### What this task involves
Retype the records below word for word and omit any image.

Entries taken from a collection
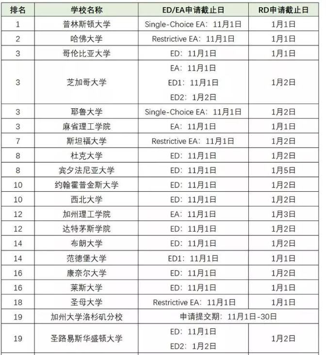 提前申请的截止时间一般是11月1日,如哥伦比亚大学、宾夕法尼亚大学; 有的学校是11月15日,如斯沃斯莫学院、史密斯学院。 少数学校有不同规定,如北卡罗来纳大学和佐治亚理工学院截止日期是10月15日。 ED录取结果发布时间一般是12月15日左右,EA部分学校要等到1月才会出结果。
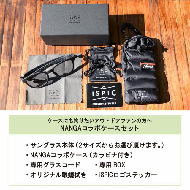 サングラス メンズ レディース uvカット 軽量 日本製 鯖江 ウェリントン 金属アレルギー対応 アウトドア NANGAコラボケース 専用グラスコード 専用メガネ拭き付き iSPIC ISW-N1
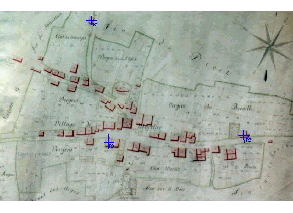 1822 - Themen: Pläne Movelier; Quelle: Archiv Movelier Dok. Typ: Pläne Die 3 blaue Punkte wurden angegeben als Referenzpunkte für den Kartenvergleich
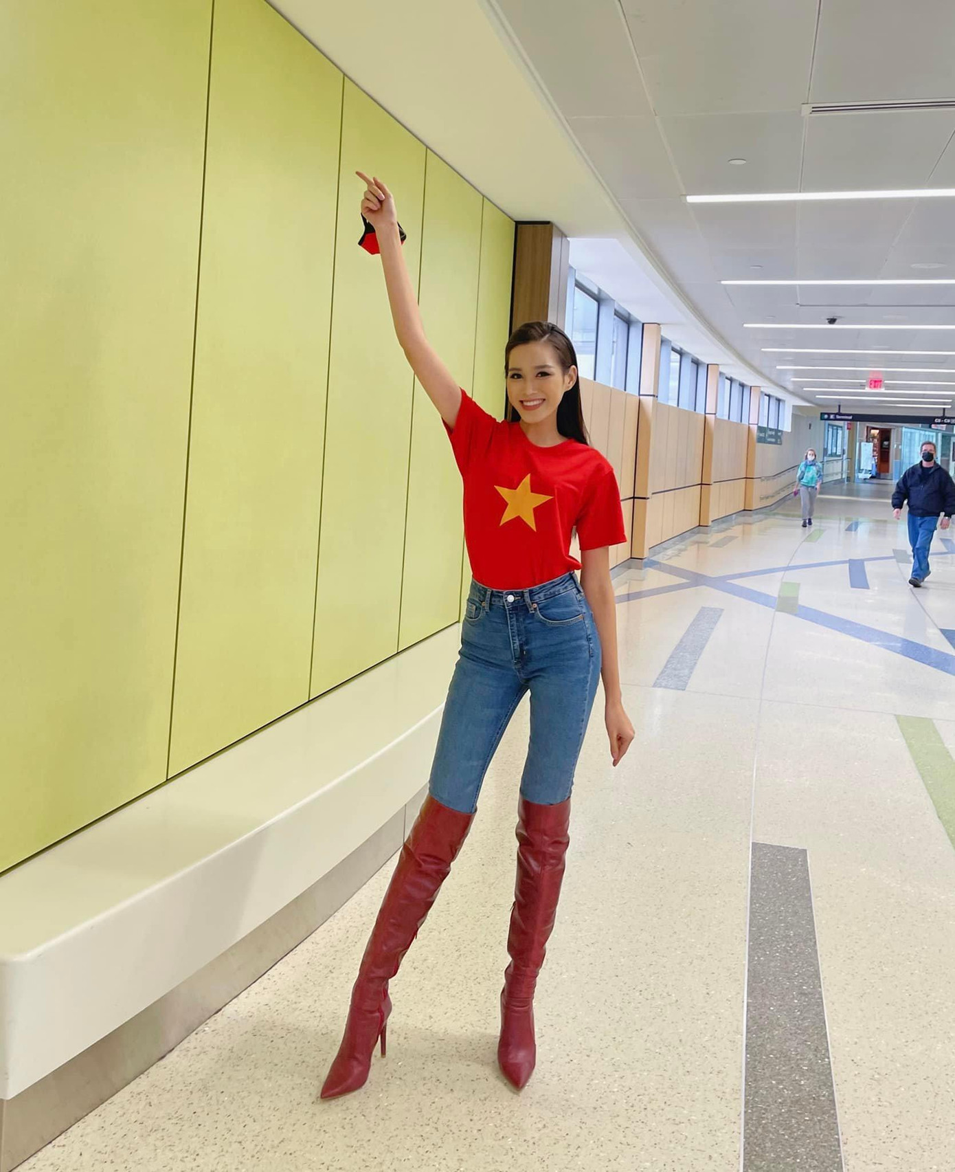 Có mặt ở sân bay Boston để chuẩn bị bay sang Puerto Rico, Đỗ Thị Hà diện trang phục áo cờ đỏ sao vàng 'nổi bần bật' khiến các fans Việt vô cùng tự hào và phấn khích.
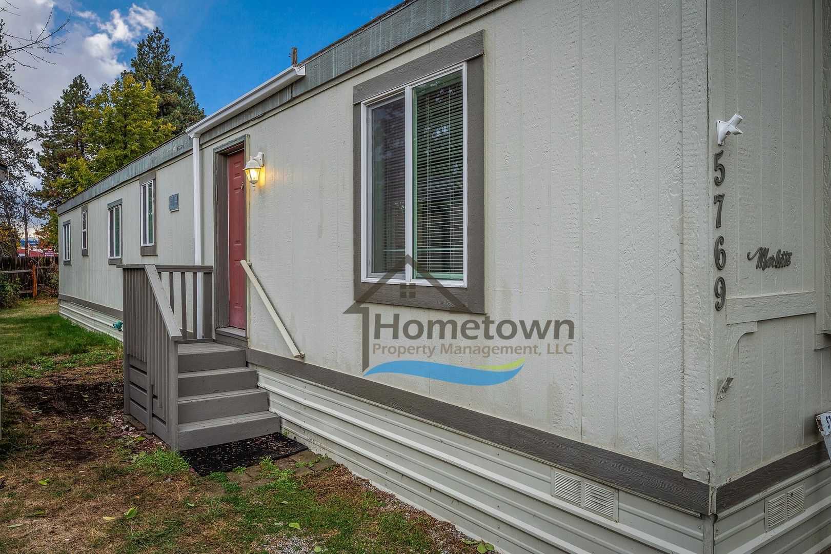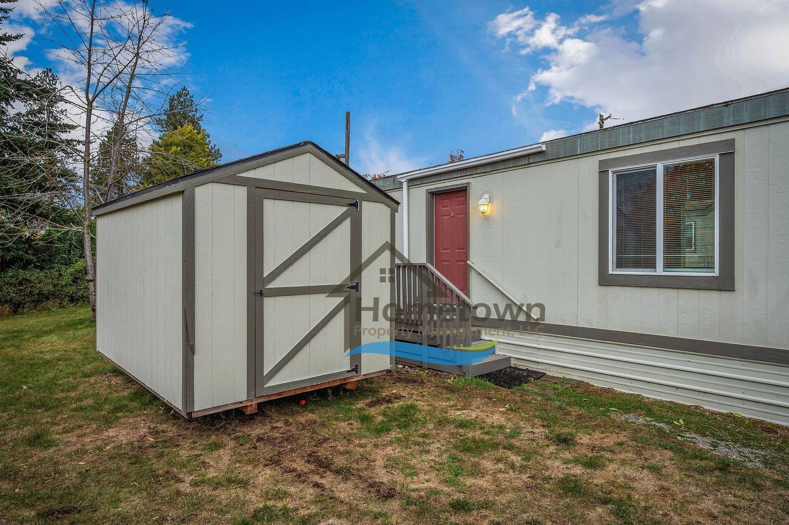 The home is surrounded by a green grassy yard. Parking is immediately in front of the home close to the front door. An outdoor lockable storage shed is available for tenants to use.
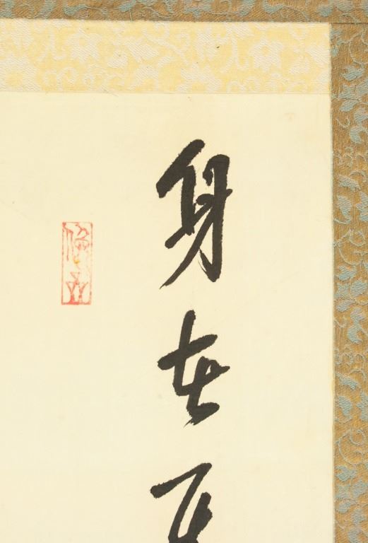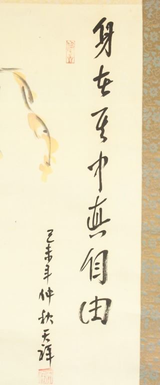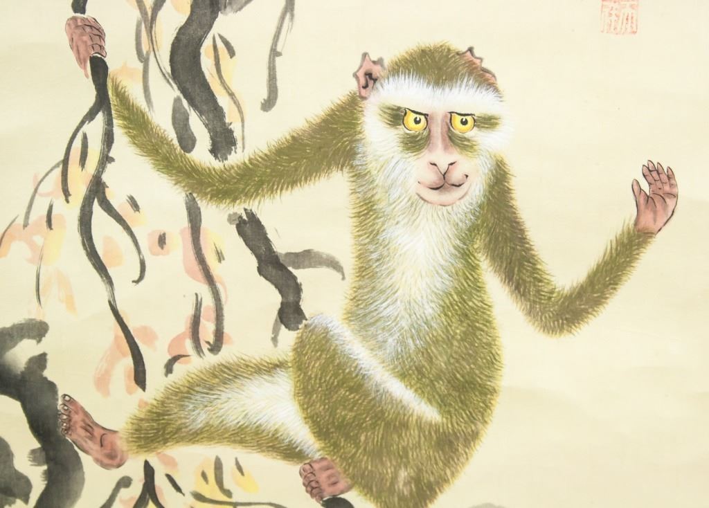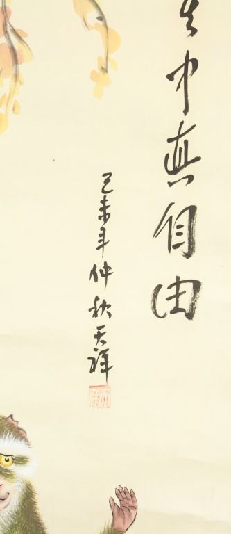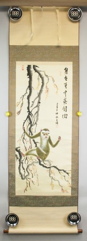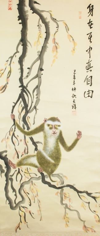 Chinese watercolor on paper. Featuring a monkey handing onto the branches of a tree. Inscribed with calligraphy. Inscribed with three seals. 102 x 42 cm.

### Result of this exercise
 提前申请的截止时间一般是11月1日,如哥伦比亚大学、宾夕法尼亚大学; 有的学校是11月15日,如斯沃斯莫学院、史密斯学院。 少数学校有不同规定,如北卡罗来纳大学和佐治亚理工学院截止日期是10月15日。 ED录取结果发布时间一般是12月15日左右,EA部分学校要等到1月才会出结果。
 サングラス メンズ レディース uvカット 軽量 日本製 鯖江 ウェリントン 金属アレルギー対応 アウトドア NANGAコラボケース 専用グラスコード 専用メガネ拭き付き iSPIC ISW-N1
 1822 - Themen: Pläne Movelier; Quelle: Archiv Movelier Dok. Typ: Pläne Die 3 blaue Punkte wurden angegeben als Referenzpunkte für den Kartenvergleich
 Có mặt ở sân bay Boston để chuẩn bị bay sang Puerto Rico, Đỗ Thị Hà diện trang phục áo cờ đỏ sao vàng 'nổi bần bật' khiến các fans Việt vô cùng tự hào và phấn khích.
 The home is surrounded by a green grassy yard. Parking is immediately in front of the home close to the front door. An outdoor lockable storage shed is available for tenants to use.
 Chinese watercolor on paper. Featuring a monkey handing onto the branches of a tree. Inscribed with calligraphy. Inscribed with three seals. 102 x 42 cm.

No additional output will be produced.